> **Problem statement**
Pictures left aside, return the lines below exactly, from the one with "- The pictures" to the end, including both ends.

> **Available data**
--------
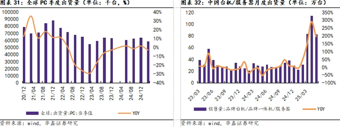 个人电脑方面,2025年第一季度,全球PC出货量同比下滑2.88%。2025年5月,国内品牌台机出货量达到82.58万台,同比增长195.64%。回顾历史,2020-2021年疫情带来居家办公需求快速上升,推动PC重回增长轨道,但疫情带来的短期复苏结束后PC重回弱势趋势,在2022Q2开始进入下行区间,2023Q3开始出货量同比降幅逐步收窄,全年品牌台机/品牌一体机/服务器出货量同比微增2.62%。AI大模型落地给PC产业链带来新的创新驱动力,另外PC换机潮的到来,2025年PC市场有望恢复增长。
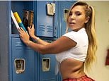 - The pictures shows shows her dressed in a school skirt while packing a locker
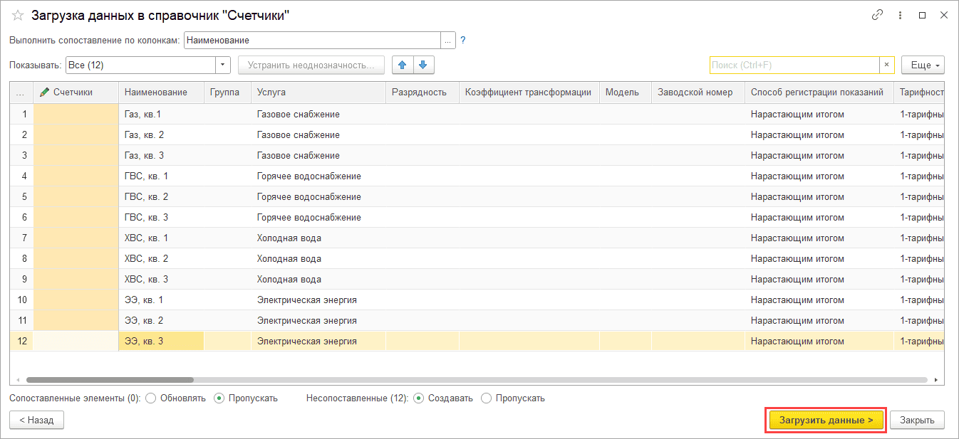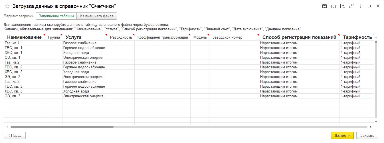 Таким образом, пользователь получает готовый набор сведений по счетчикам, который позволит удобно и корректно вести учет в программе и проводить начисления.
--------
> **Exercise output**
 - The pictures shows shows her dressed in a school skirt while packing a locker
 Таким образом, пользователь получает готовый набор сведений по счетчикам, который позволит удобно и корректно вести учет в программе и проводить начисления.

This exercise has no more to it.